In the early 90's, the new reactionary government of Roy Romanow
along with the Saskatchewan Association of Health Organizations (SAHO)
embarked in the implementation of the second phase of Tommy
Douglas's Medicare vision(1). The
implementation of the second phase of Douglas's vision has changed
Saskatchewan health care to a gambling casino(2),
and more gambling is being perpetrated at the expense of people with
the ongoing analysis of Ken Fyke's report(3)
and Roy Romanow's Commission on the Future of Health Care in Canada(4).
Our Big Brains are continuing to save money by downsizing health
care workers without realizing the counterintuitive effect of such
downsizing on employees' productivity, employees' quality of life,
and quality of health services. And the result is that instead to
save money, downsizing is creating more and more social problems,
and more and more wastes of money.
Our provincial health care system has become dysfunctional, and
there is no research or money which can alleviate the problem of the
obsolete mentality of our Big Brains. A recent report from Canada's
labour ministry has stated that nurses are absent from work for more
than 3 weeks rather than 6 days as for other full-time employees(5).

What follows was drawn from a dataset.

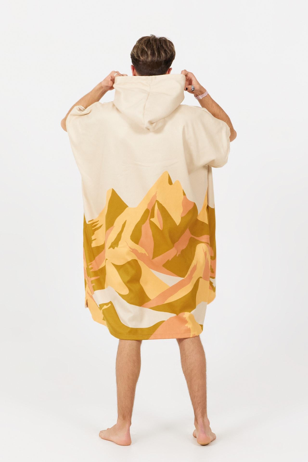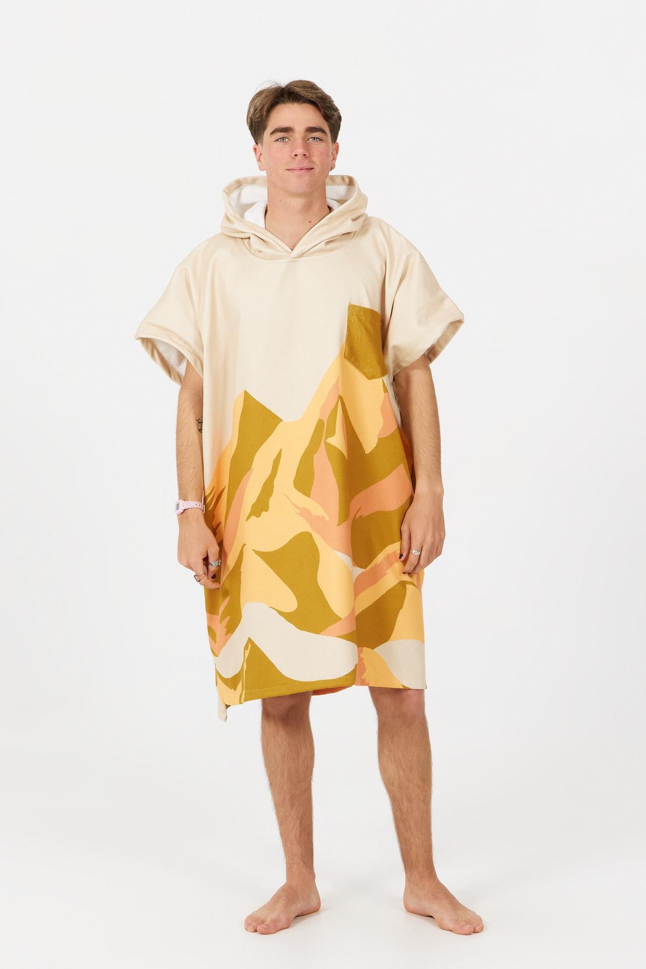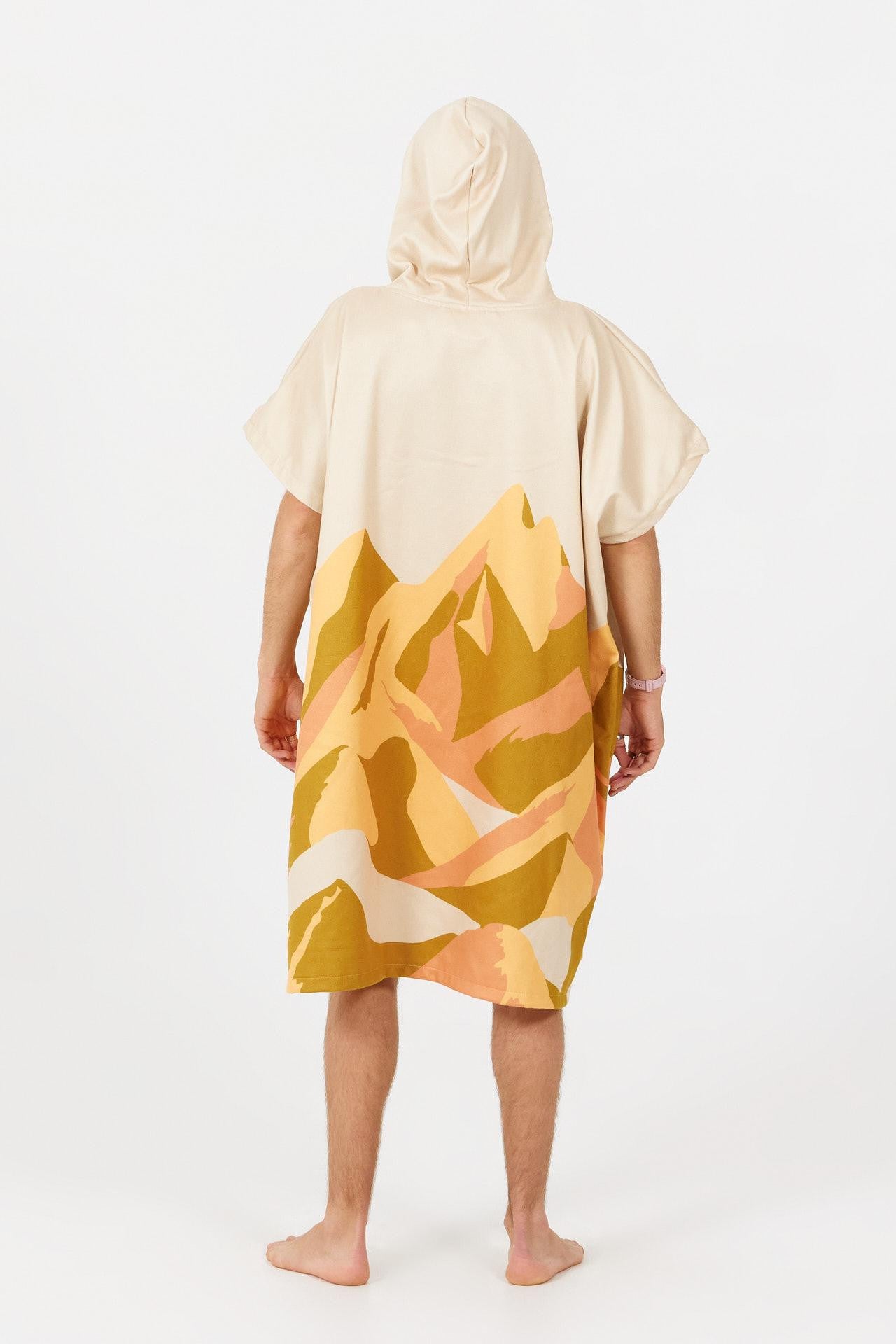 Inspiré par les cimes et les grands espaces, ce poncho aux motifs de montagnes stylisées et aux teintes naturelles t’accompagne partout : après une baignade, une rando ou une journée aux thermes.

And Rosalie Longmore, head of the Saskatchewan Union of Nurses, has
responded to this report by saying that nurses are working too much
overtime and that
"If you're working a lot of overtime, your general immune
system is run down, nurses are contracting other illness,
because they are exhausted."
Longmore has also stated that the only way to improve the health
of nurses is to change the work environment. Further, as the CUPE
health care strike is reaching his third day, union president
Stephen Foley expressed his feeling for the failures of the health
system in this way
"Our members are routinely working exhausted, sick,
injured, and overtime because there's so much more to do in the
health care system and, quite frankly, there's not enough staff
to do it... That simply can't continue. Our members simply want
a life. SAHO and the provincial government are not going to
solve the staff recruitment and retention problem in the health
care system until they start caring about the very people that
work for them, the health care workers(6)."

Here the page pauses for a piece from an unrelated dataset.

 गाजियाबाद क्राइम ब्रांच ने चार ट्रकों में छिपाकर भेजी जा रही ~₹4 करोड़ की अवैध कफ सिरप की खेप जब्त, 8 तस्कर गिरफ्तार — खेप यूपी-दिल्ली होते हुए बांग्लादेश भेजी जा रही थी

And this morning we have the news that 10,000 SEIU health workers
could vote as early as next week whether to walk off their jobs at
some 11 health care districts(7).
Greg Trew, chief negotiator for the SEIU, says that the main issues
are salary, pension, and staff shortages and pointed out that
"I think we're coming to the end of a process quite
frankly... The people that I represent are beyond frustration.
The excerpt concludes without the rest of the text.